What you need to know about contingencies.

Contingencies are legal clauses stating that certain requirements that must be met before the contract can go to settlement. Contingencies protect the buyer’s interest, and allow the buyer to terminate the contract and keep their earnest money (deposit given at the time of a ratified contract). We have broken down the different types of contingencies a seller might run across when selling their home.

Home sale contingency
• The buyer’s offer is contingent on them selling their home first. Basically the buyer is saying, “I’ll buy your property, but I need to sell mine first.” The risk is high for the seller in this situation because
• Seller’s don’t know when the buyer’s property will sell, it’s possible for the seller’s home to be tied up for weeks or months. Even worse, maybe the buyer’s sale is contingent on the sale by his or her purchaser. You are taking a risk by removing your home from the market to accommodate someone who may never be able to close the deal. Kick out addendums can be used to lower the risk, and seller’s can still market the property while the contract is in place.

Financing contingency
• The buyer’s offer is contingent on their lender approving their mortgage. This contingency is standard in the real estate world.
• Most buyers need to finance their home purchase, on average financing around 88% of the purchase. Nonetheless, a financing contingency entails risk since even pre-approved buyers may lose the loan if they lose a source of income, acquire debt, a sudden spike in rates, or your property not meeting the lender’s requirements .

Inspection contingency
• This is another common contingency it means the buyer’s offer is contingent on the home inspection report. Buyers use the findings as leverage to negotiate a better deal, asking the seller to handle the repairs or include repair credits in the sale to cover the costs. The buyer must order and review the inspection within a certain number of days, or waive it. If the seller refuses to the terms the buyer is requesting, the buyer can walk away with their earnest money.
• 95 % of your offers will contain a home inspection contingency and is usually the reason many contracts are terminated or delayed. We recommend that sellers, conduct their own home inspection before you list property. The small fee for a home inspection could save you in the long run.

Appraisal contingency
• This means the buyer’s offer is contingent on the home appraising for an equal or higher value than the offer amount. This is different than the financing contingency.

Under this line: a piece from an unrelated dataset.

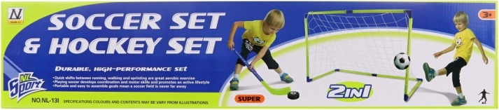 Uniwersalna bramka do piłki nożnej i hokeja 2w1 dla dzieci, kompletny zestaw z piłką i wyposażeniem hokejowym.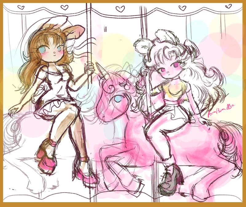I am currently brainstorming a drawing for the year of horse. I ended up creating a couple of OCs, they’re characters loosely based on myself, my sisters, my girlfriends with big sister personalities. This drawing will be quite challenging for me. I think drawing carousel horses is a perfect way to get into the spirit. At the moment, I am in the process of finding which stylized designs feels best to draw. The pseudo Blythe body proportion is growing on to me. If my drawing turns out super wonky-- that's okay, at least I'm exercising my brain to do something new!

• The purchasers bank will hire a licensed appraiser to determine the value of the home, based on its overall condition, location and the sales of similar properties in your neighborhood. If their appraisal comes in low, both parties can walk away from a deal in a sellers’ market some sellers can ask the buyer to make up the difference between their offer amount and the loan in cash, however this is unlikely to happen since the buyer will end up with negative equity.